==== Records to process
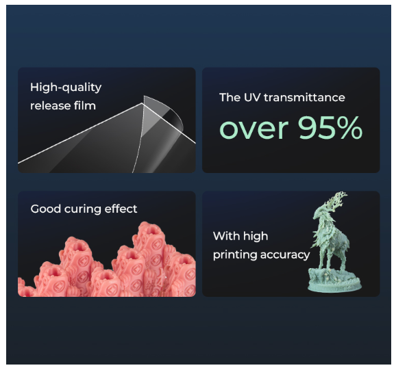 The Creality Halot Mage FEP Film is known for its anti-stick properties, preventing unwanted adhesion between the cured resin and the film surface. This feature not only simplifies the post-printing process but also extends the lifespan of the film, contributing to a more cost-effective and sustainable 3D printing experience.
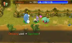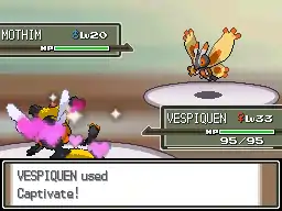 In Explorers of Time, Darkness and Sky, Captivate is a move with 20PP that ignores accuracy and evasion checks. The user targets enemy in front of it, lowering their Special Attack by 2 stages. This move works only if the user is the opposite gender of the target. This move is affected by Taunt and Magic Coat.
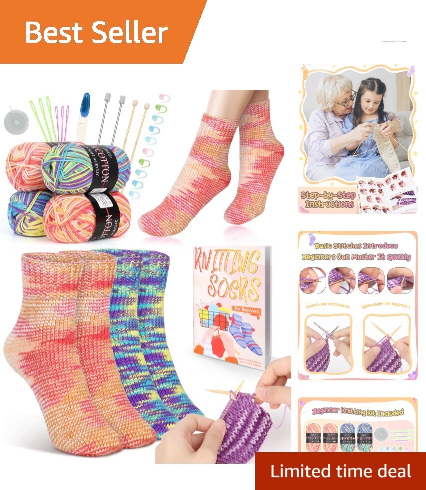 Complete Knitting Starter Kit for Adults - Master Sock Creation Effortlessly!
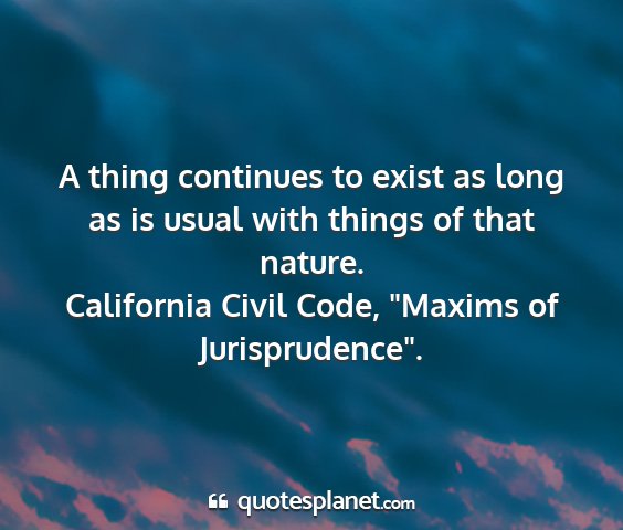 A thing continues to exist as long as is usual with things of that nature.California Civil Code, "Maxims of Jurisprudence".
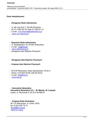Insytucje Wpisany przez pwdowiak poniedziałek, 15 grudnia 2008 07:55 - Poprawiony piątek, 06 lutego 2009 12:15 Dane teleadresowe: - Okręgowa Rada Adwokacka - ul. płk Lisa-Kuli 7, 35-032 Rzeszów - tel. 017 853 50 78, faks 017 852 81 41 - e-mail: [email protected] - www.ora.rzeszow.pl - Naczelna Rada Adwokacka ul. Świętojerska 16, 00-202 Warszawa e-mail: [email protected] www.adwokatura.pl Okręgowa Izba Radców Prawnych - Okręgowa Izba Radców Prawnych - Krajowa Izba Radców Prawnych - 00-478 Warszawa, Aleje Ujazdowskie 18 lok.4 - tel/fax: 0 22 622 05 88, 622 84 28;33 - e-mail [email protected] - www.kirp.pl - Kancelarie Notarialne Kancelaria Notarialna S.C. - M. Matuła i B. Łukasik Lesko, ul. Moniuszki 6, tel 013 46 968 97 - Krajowa Rada Notarialna 00-172 Warszawa, ul. Dzika 19/23 fax (0-22) 635 79 10 [email protected] www.krn.org.p 1/2 Insytucje Wpisany przez pwdowiak poniedziałek, 15 grudnia 2008 07:55 - Poprawiony piątek, 06 lutego 2009 12:15 - Kancelarie Komornicze Komornik przy Sądzie Rejonowym w Lesku Mariusz Najda Plac Konstytucji 3-go Maja 14, 38-600 Lesko tel.: 013 46 968 97 - Izba Notarialna Rzeszów,Rynek 18 +48 17 852-03-16 +48 17 853-49-40 www.rzeszow.notariat.pl - Prokuratury - Apelacyjna Rzeszów, al. Piłsudskiego 28 tel. 017 858 03 04 - Okręgowa Krosno, ul. Czajkowskiego 51 tel. 013 437 18 00 - Rejonowa Jasło, ul. Armii Krajowej 3 tel. 013 446 26 83 2/2
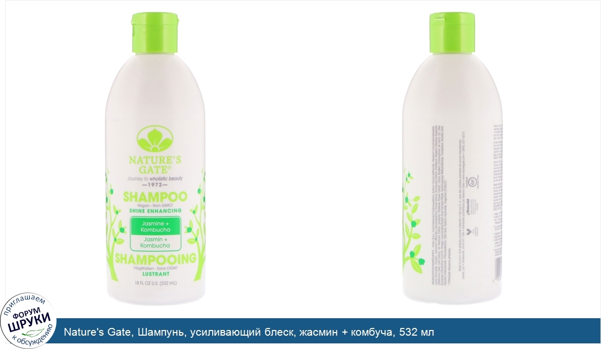 ru Nature's Gate, Шампунь, усиливающий блеск, жасмин + комбуча, 532 мл
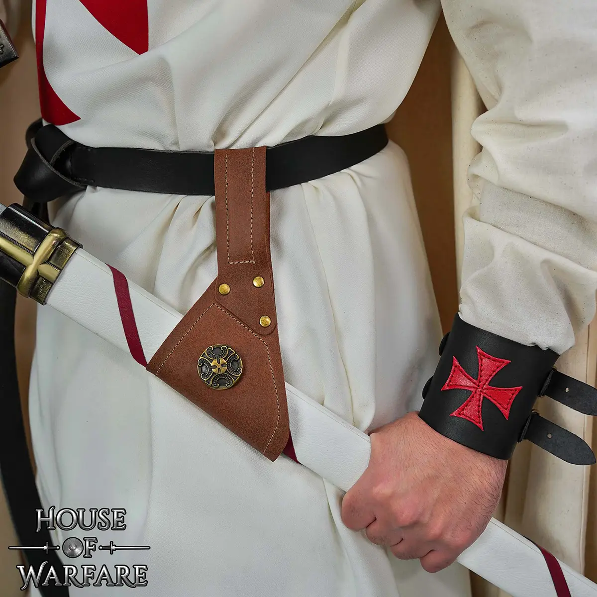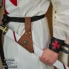 The body of the frog is reinforced with brass rivets and features a decorative antique bronze button with a raised heraldic cross motif framed by a floral border. This design, evoking religious orders and knightly oaths, makes the frog especially suited for Crusader, Templar, or noble knight character builds.
========
== What is needed ==
All entries are to be retyped exactly. Omit any embedded images.

== Exercise result ==
 The Creality Halot Mage FEP Film is known for its anti-stick properties, preventing unwanted adhesion between the cured resin and the film surface. This feature not only simplifies the post-printing process but also extends the lifespan of the film, contributing to a more cost-effective and sustainable 3D printing experience.
 In Explorers of Time, Darkness and Sky, Captivate is a move with 20PP that ignores accuracy and evasion checks. The user targets enemy in front of it, lowering their Special Attack by 2 stages. This move works only if the user is the opposite gender of the target. This move is affected by Taunt and Magic Coat.
 Complete Knitting Starter Kit for Adults - Master Sock Creation Effortlessly!
 A thing continues to exist as long as is usual with things of that nature.California Civil Code, "Maxims of Jurisprudence".
Insytucje Wpisany przez pwdowiak poniedziałek, 15 grudnia 2008 07:55 - Poprawiony piątek, 06 lutego 2009 12:15 Dane teleadresowe: - Okręgowa Rada Adwokacka - ul. płk Lisa-Kuli 7, 35-032 Rzeszów - tel. 017 853 50 78, faks 017 852 81 41 - e-mail: [email protected] - www.ora.rzeszow.pl - Naczelna Rada Adwokacka ul. Świętojerska 16, 00-202 Warszawa e-mail: [email protected] www.adwokatura.pl Okręgowa Izba Radców Prawnych - Okręgowa Izba Radców Prawnych - Krajowa Izba Radców Prawnych - 00-478 Warszawa, Aleje Ujazdowskie 18 lok.4 - tel/fax: 0 22 622 05 88, 622 84 28;33 - e-mail [email protected] - www.kirp.pl - Kancelarie Notarialne Kancelaria Notarialna S.C. - M. Matuła i B. Łukasik Lesko, ul. Moniuszki 6, tel 013 46 968 97 - Krajowa Rada Notarialna 00-172 Warszawa, ul. Dzika 19/23 fax (0-22) 635 79 10 [email protected] www.krn.org.p 1/2 Insytucje Wpisany przez pwdowiak poniedziałek, 15 grudnia 2008 07:55 - Poprawiony piątek, 06 lutego 2009 12:15 - Kancelarie Komornicze Komornik przy Sądzie Rejonowym w Lesku Mariusz Najda Plac Konstytucji 3-go Maja 14, 38-600 Lesko tel.: 013 46 968 97 - Izba Notarialna Rzeszów,Rynek 18 +48 17 852-03-16 +48 17 853-49-40 www.rzeszow.notariat.pl - Prokuratury - Apelacyjna Rzeszów, al. Piłsudskiego 28 tel. 017 858 03 04 - Okręgowa Krosno, ul. Czajkowskiego 51 tel. 013 437 18 00 - Rejonowa Jasło, ul. Armii Krajowej 3 tel. 013 446 26 83 2/2
 ru Nature's Gate, Шампунь, усиливающий блеск, жасмин + комбуча, 532 мл
 The body of the frog is reinforced with brass rivets and features a decorative antique bronze button with a raised heraldic cross motif framed by a floral border. This design, evoking religious orders and knightly oaths, makes the frog especially suited for Crusader, Templar, or noble knight character builds.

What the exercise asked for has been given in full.